87 Ill. 246 | Ill. | 1877
delivered the opinion of the Court:
This was an application, by the collector of Cook county, for judgment for taxes against delinquent lands and town lots, made at the July term of court, 1877. Among others, lots 1 and 2, except south 40 feet of block 66, were reported delinquent for the year 1876. The “Western Seaman’s Friend Society” appeared and objected to any judgment against the property, on the ground it was the owner, and that it was an “ institution ” of “ purely public charity.” The objection was sustained, and from the judgment rendered the People prosecute this appeal.
Among property exempt from taxation by the second section of the Revenue act of 1872, in the seventh paragraph, is that of “ all property of institutions of purely public charity, when actually and exclusively used for such charitable purposes, not leased or otherwise used with a view to profit.” It is under this provision of the statute the objector claims the property against which judgment is sought is exempt from taxation.
It appears the objector is a corporation created by the General Assembly of the State of Ohio, by “ An act to incorporate the Western Seaman’s Friend Society of Cleveland.” Power was granted to the corporation to acquire real and personal property, and sell and convey the same, provided the annual income therefrom shall not exceed $40,000, and among other powers conferred was authority to establish branches of the parent society; and when the determination to become incorporated, with the name of the branch and its officers, shall have been declared, and recorded as provided in the act, such “branch shall be a body corporate.” No authority was given to establish branches elsewhere than in the State of Ohio, but if there had been, such grant of power would have been inoperative beyond the territorial effect of the law creating the corporation. The society did, however, establish a branch in Chicago, on the property against which the taxes contested were assessed, and has erected thereon extensive buildings for its use.
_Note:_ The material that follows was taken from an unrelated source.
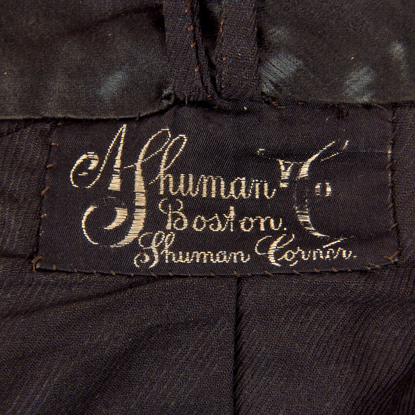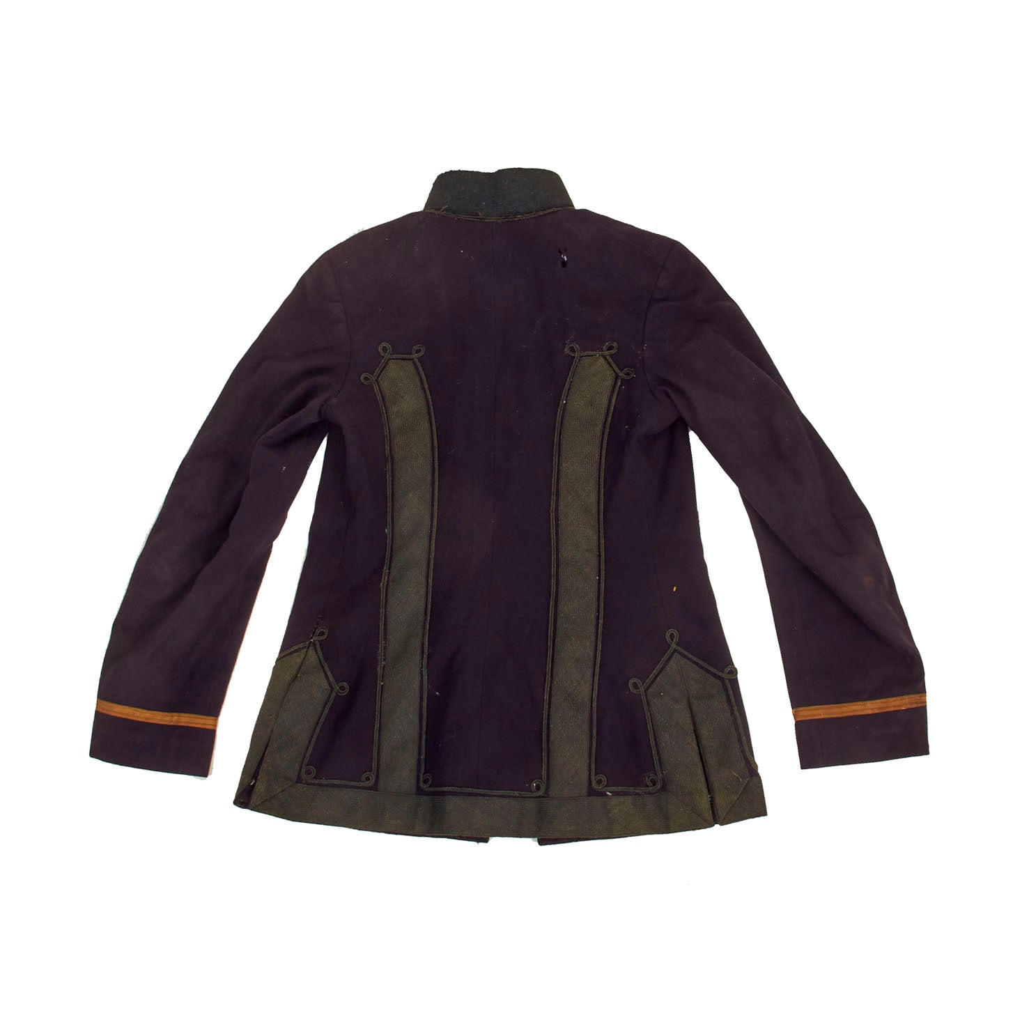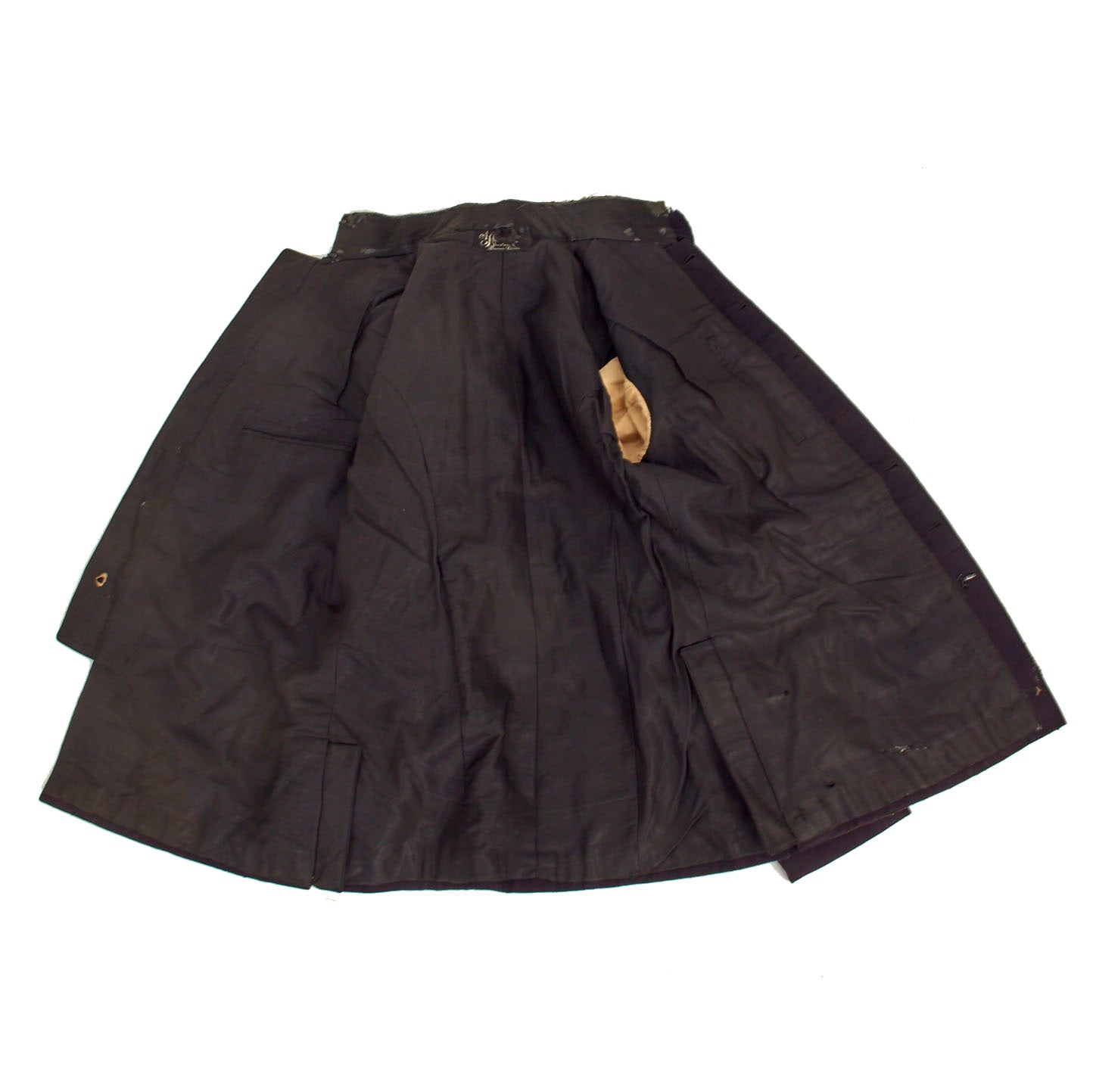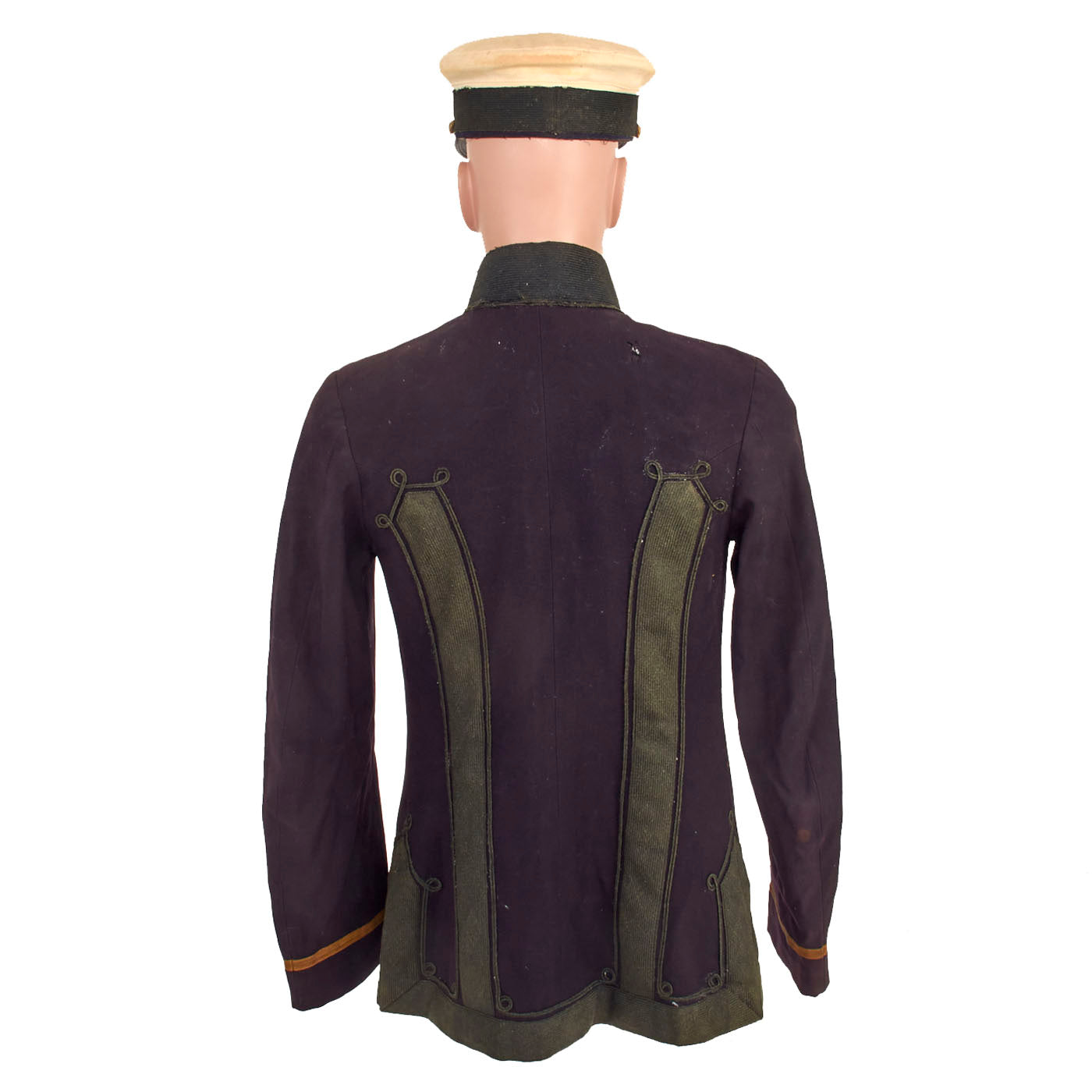 This uniform is a fine tailor made M-1895 / M-1912 Undress Blouse Jacket. Constructed of blue wool with gilt ribbon cuff bands, full lining with all buttons present, bullion embroidered fouled anchors on each side. The left side features a beautiful bullion Naval Aviator’s insignia. All gold/silver bullion is unfortunately tarnished, but does not subtract from the beauty of the tunic. Overall condition is good but there are moth nips present throughout the uniform. The tailor tag located on the inside right pocket is literally “held on by a thread” and has the name Mr A. S. Bergman written on it. Below the name is the date of August 10, 1918.
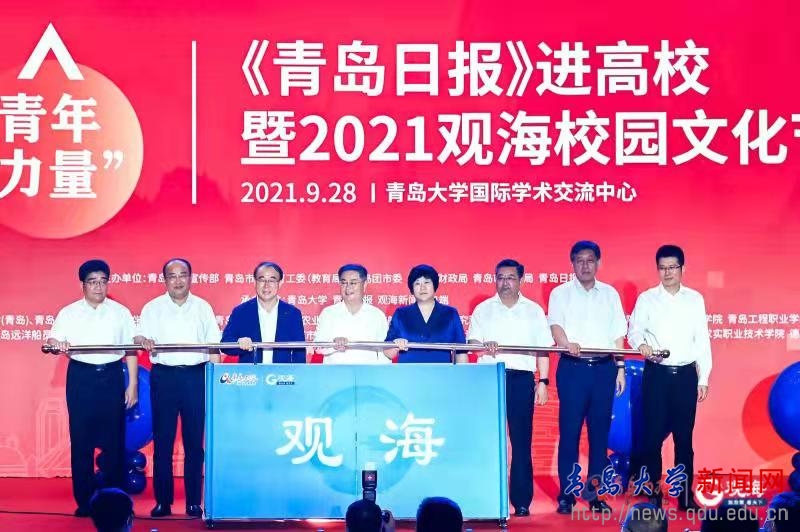 伴随着“《青岛日报》进高校”,2021观海校园文化节也同步启动。夏东伟与其他七所兄弟院校领导一起为文化节启幕。

The object of the society, as declared in the act incorporating it, is, “for the disseminating moral and religious instruction, and other charities, among sailors and laborers doing business on our Western waters.” The society’s buildings are in charge of a superintendent appointed by the management of the home office, and is used chiefly as a boarding and lodging house for “ sailors, stevedores, dock-men, and that class of men,” but other persons are accommodated with both lodging and board. All that are able are required to pay something for what they get, and under that arrangement some persons entertained pay as high as $4.50 per week, and others pay but trifling sums, according to their ability, while still others are maintained gratuitously. The charges, when any are made, are graduated according to the accommodations furnished. All the income derived from boarders, lodgers or transient persons, is appropriated to maintaining the institution. No part of it is divided as private gain to the officers. Religious services are held in the building, but no part of it seems to be used exclusively for that purpose. -The society bought the property and paid for it, but, for convenience, it was conveyed, by deed absolute in its terms, to Benjamin Fraukland, who testifies he claims no personal interest in the property, but holds it in trust for the corporation, of which he is one of the directors, and superintendent of the Chicago house.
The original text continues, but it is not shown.